Segment Start: Available data

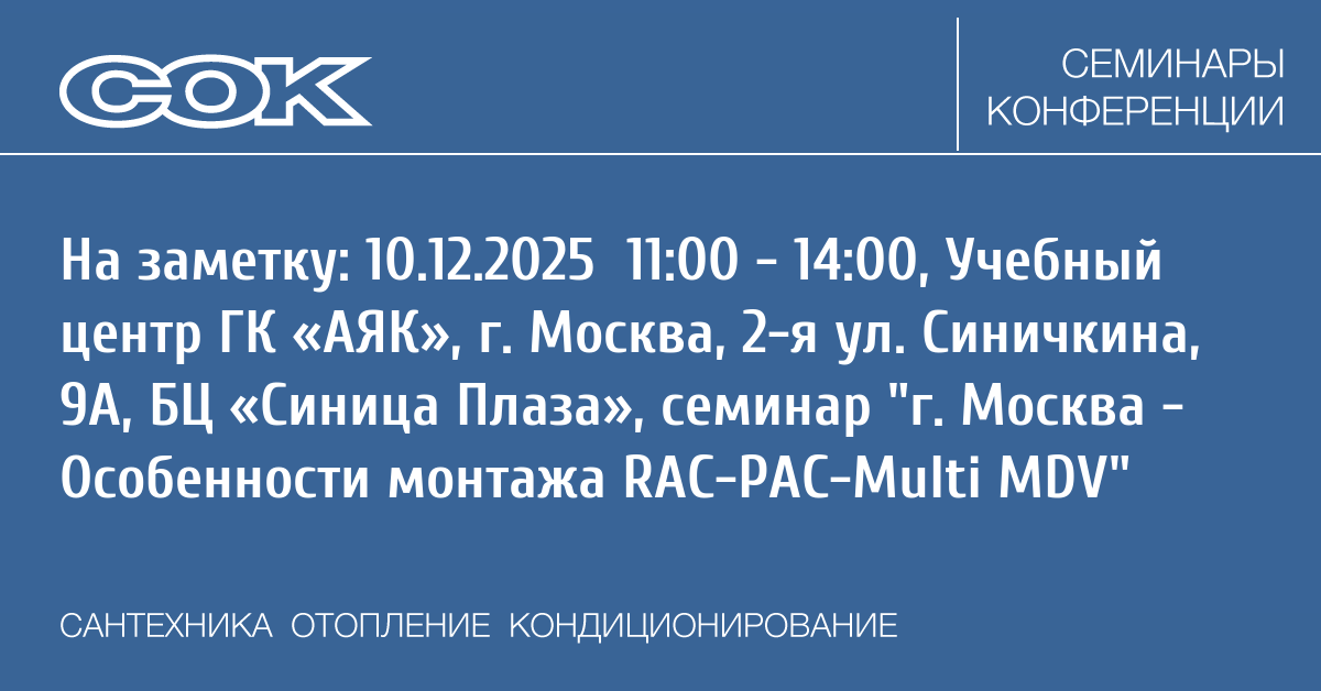 - 10.12.2025 11:00 - 14:00 Seminar Особенности монтажа RAC-PAC-Multi MDV
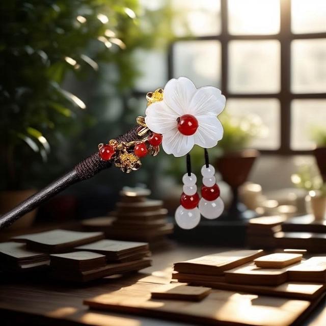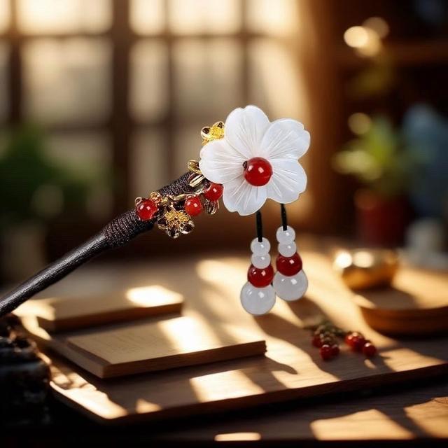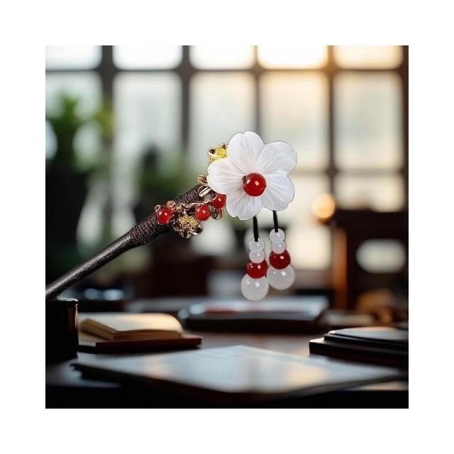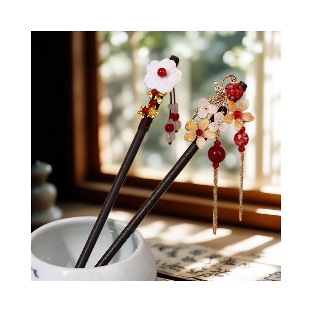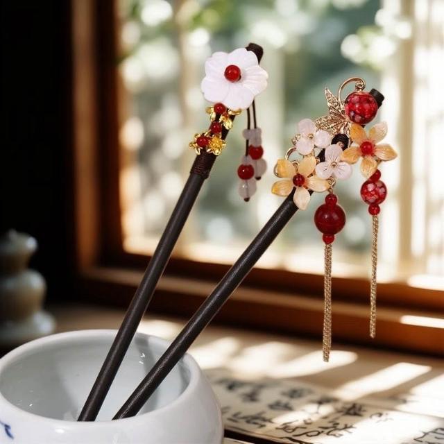 {遇見臻品}C133千秋古風髮簪流蘇步搖簪子髮釵漢服配件挽髮古裝花朵髮髻國風漢服髮釵子漢服旗袍頭飾中式髮簪配件女童新中式
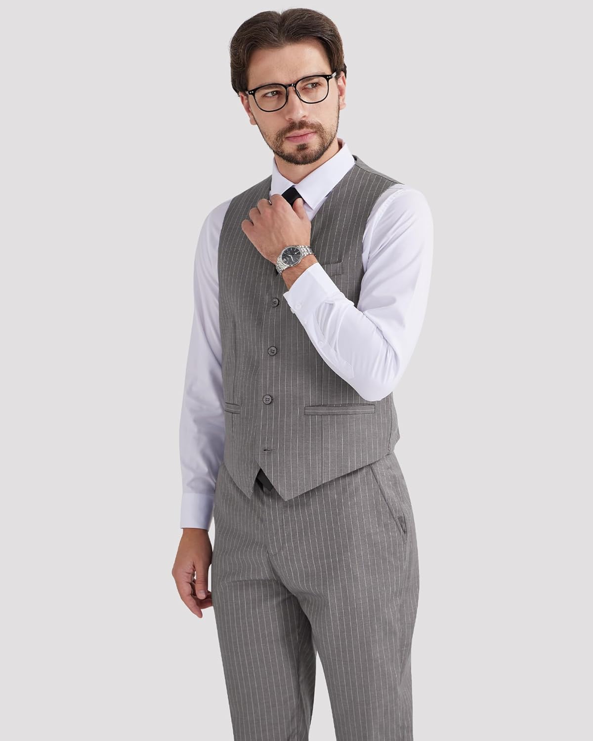 - Design:Perky in style. Excellent sewing thread is not deformed,neat,firm and wear-resistant workmanship.Vest and pants design makes great combination of business and leisure feature, suitable for more occasions. Resin button,simple and eco-friendly. Exquisite inner pocket shows iconic chic.
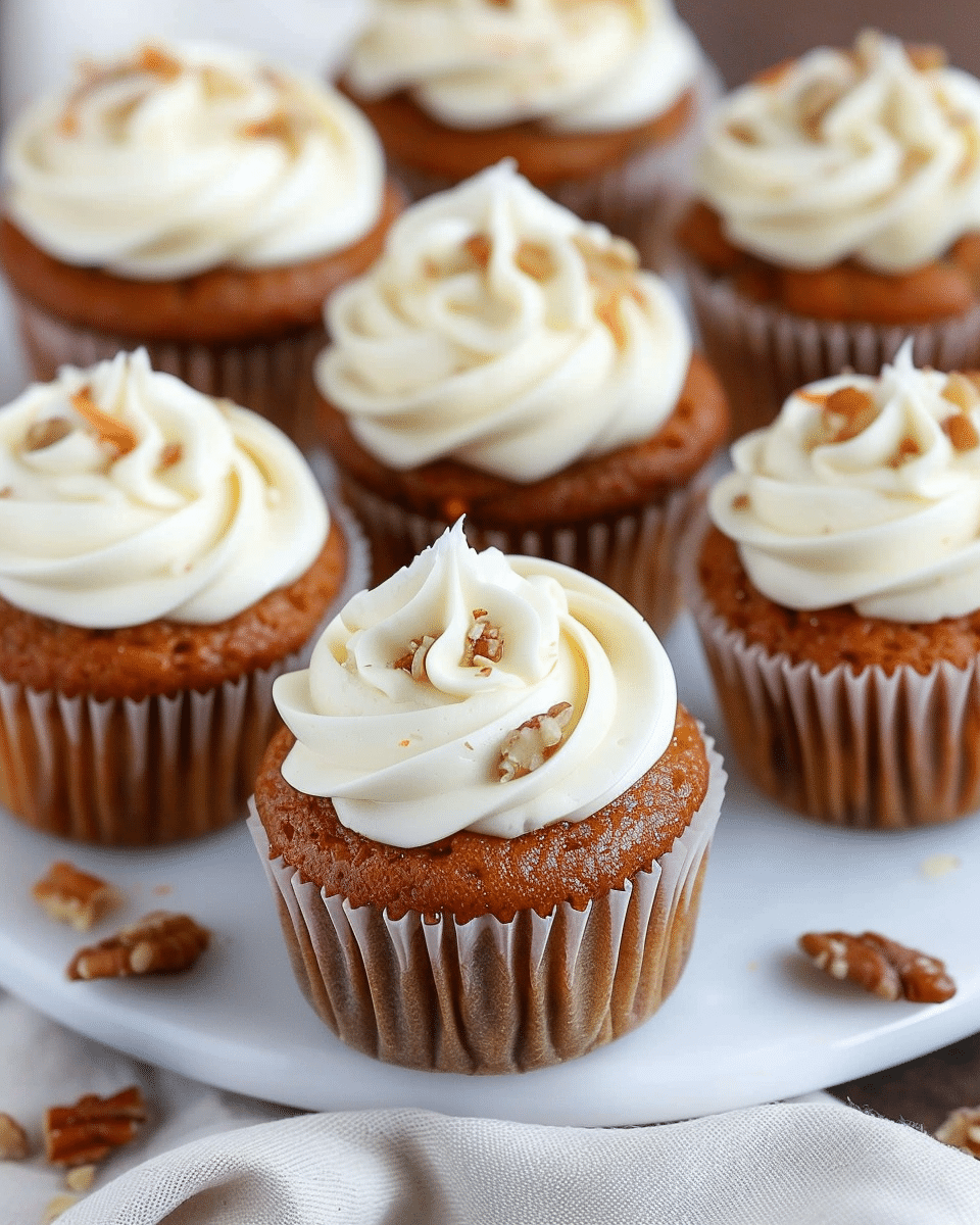 These cupcakes are incredibly soft, tender, and full of flavor thanks to a blend of cinnamon, nutmeg, and freshly grated carrots. The texture is perfectly moist without being dense, and the cream cheese frosting adds a tangy, creamy finish that balances the sweetness beautifully. They’re easy to make, freezer-friendly, and always a crowd-pleaser—no fancy tools or decorating skills required.
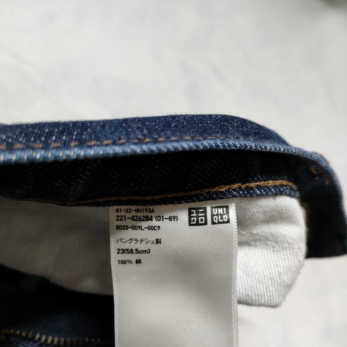 裾にかけてのゆるやかなテーパードラインとドロップウエストで腰まわりがすっきり見える。
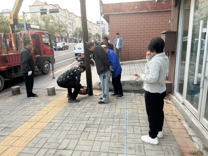 施工当天,社区网格员引导居民绕行。经过四个多小时的紧张作业,9棵腐朽木桩被成功移除,主干道恢复了畅通安全的环境。
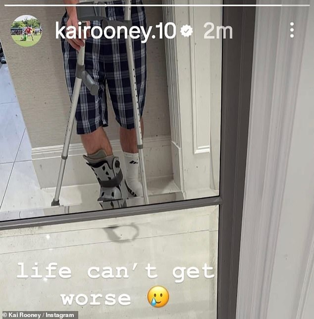 Kai, 16, has been involved with the Red Devils’ Under-18 side but has been sidelined for months, having been injured, on crutches and his right foot in a protective boot.
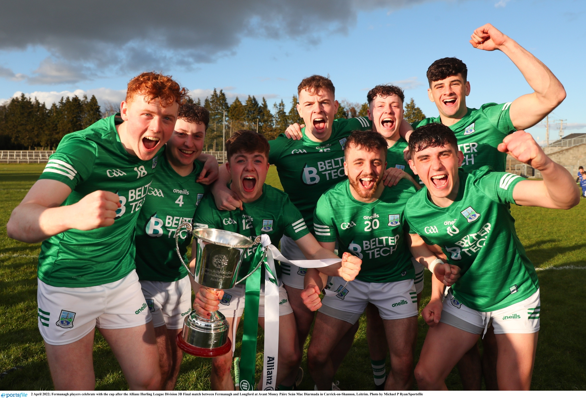 Caption: Fermanagh players celebrate with the cup after the Allianz Hurling League Division 3B Final against Longford at Avant Money Páirc Seán Mac Diarmada Photo by Michael P Ryan/Sportsfile
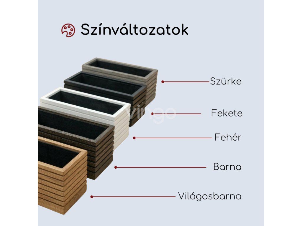 - Elegáns: A fa láda a természet varázsát viszi minden belső térbe. Esztétikus megjelenése minden helyiségbe illik. Hangulatos légkört kölcsönöz a térnek, bármilyen növény dísze lesz.
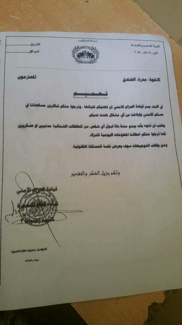 كما طلبت من مدراء الفنادق تزويدها بمعلومات يومية عن النزلاء.
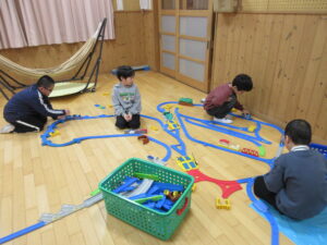 「一緒にしよう」と友だちを誘って、線路を繋げていました。
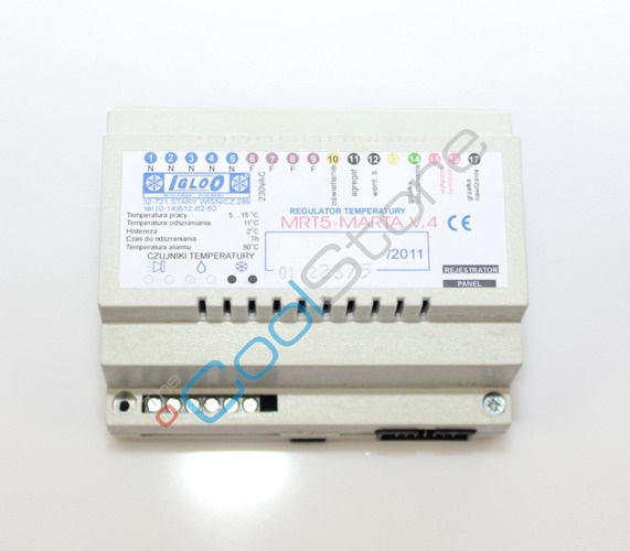 Electronic, programmable temperature controller used in refrigeration units equiped with humidification system. Device is mostly applicabe in refrigeration units in confectionery. Termoregulator consist of two enclosures:
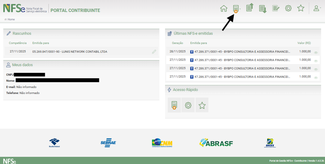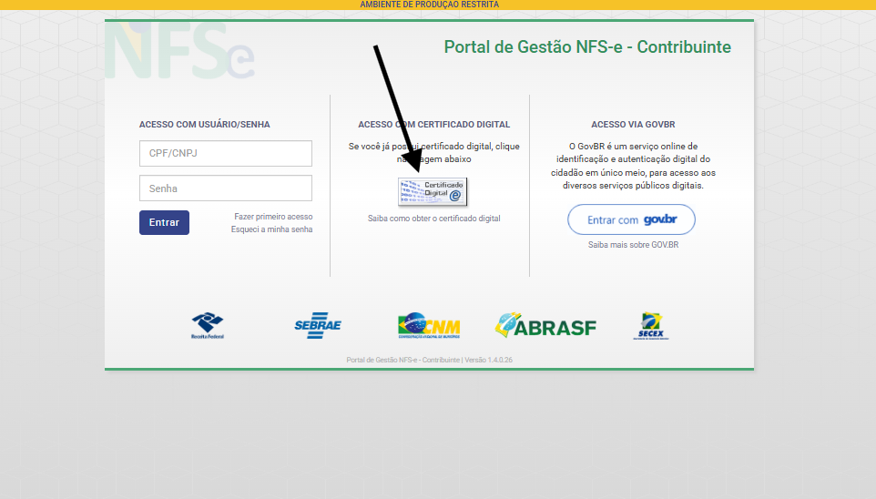 1 Acesso ao emissor de nota fiscal será somente por certificado digital: https://www.nfse.gov.br/EmissorNacional
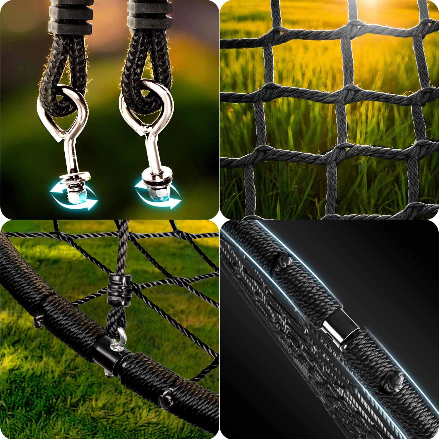 Ova velika kružna ljuljačka gnijezdo donosi djeci i odraslima mnogo zabave i opuštanja. Robustan čelični okvir s PE oblogom i ispuna u stilu „paučine mreže” osiguravaju visoku stabilnost, sigurnost i dugotrajnost. Zahvaljujući lakim za čišćenje i vodootpornim materijalima, ljuljačka ostaje lijepa i funkcionalna kroz cijele sezone.
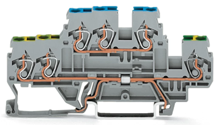 złączka 3-przewodowa 2-piętrowa; złączka PE/przelotowa; 2,5 mm²; PE/L; otwór na przew. żółto-zielony nadruk; na szynę TS 35 x 15 i 35 x 7,5; CAGE CLAMP®; 2,50 mm²; szary
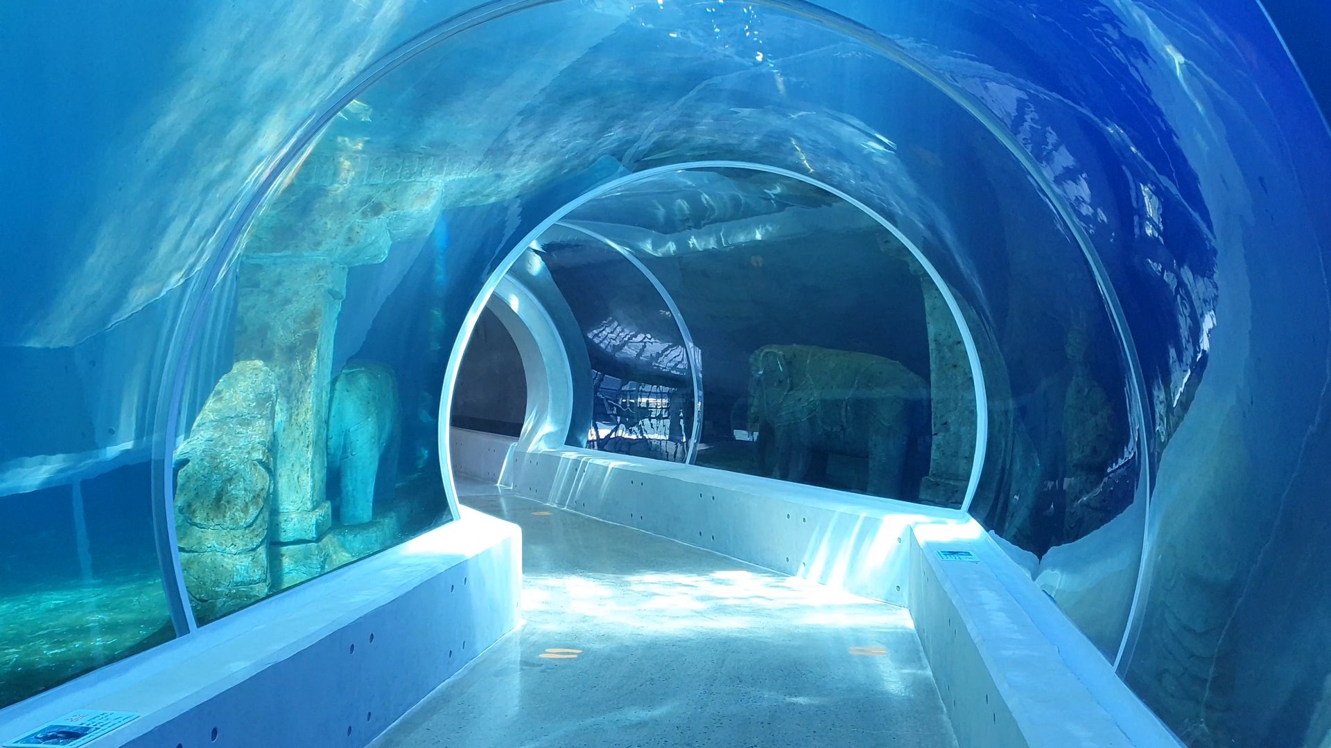 이 아쿠아리움은 자연광으로 친환경을 내세우고 있다고 해요. 자연광이다 보니 해저 터널 안이 선명하게 보이지 않아요.

Segment End: Available data

About this task: Quote the records above exactly, from the first line through the line containing "- Design:Perky in", and leave out the pictures.

Exercise result:
 - 10.12.2025 11:00 - 14:00 Seminar Особенности монтажа RAC-PAC-Multi MDV
 {遇見臻品}C133千秋古風髮簪流蘇步搖簪子髮釵漢服配件挽髮古裝花朵髮髻國風漢服髮釵子漢服旗袍頭飾中式髮簪配件女童新中式
 - Design:Perky in style. Excellent sewing thread is not deformed,neat,firm and wear-resistant workmanship.Vest and pants design makes great combination of business and leisure feature, suitable for more occasions. Resin button,simple and eco-friendly. Exquisite inner pocket shows iconic chic.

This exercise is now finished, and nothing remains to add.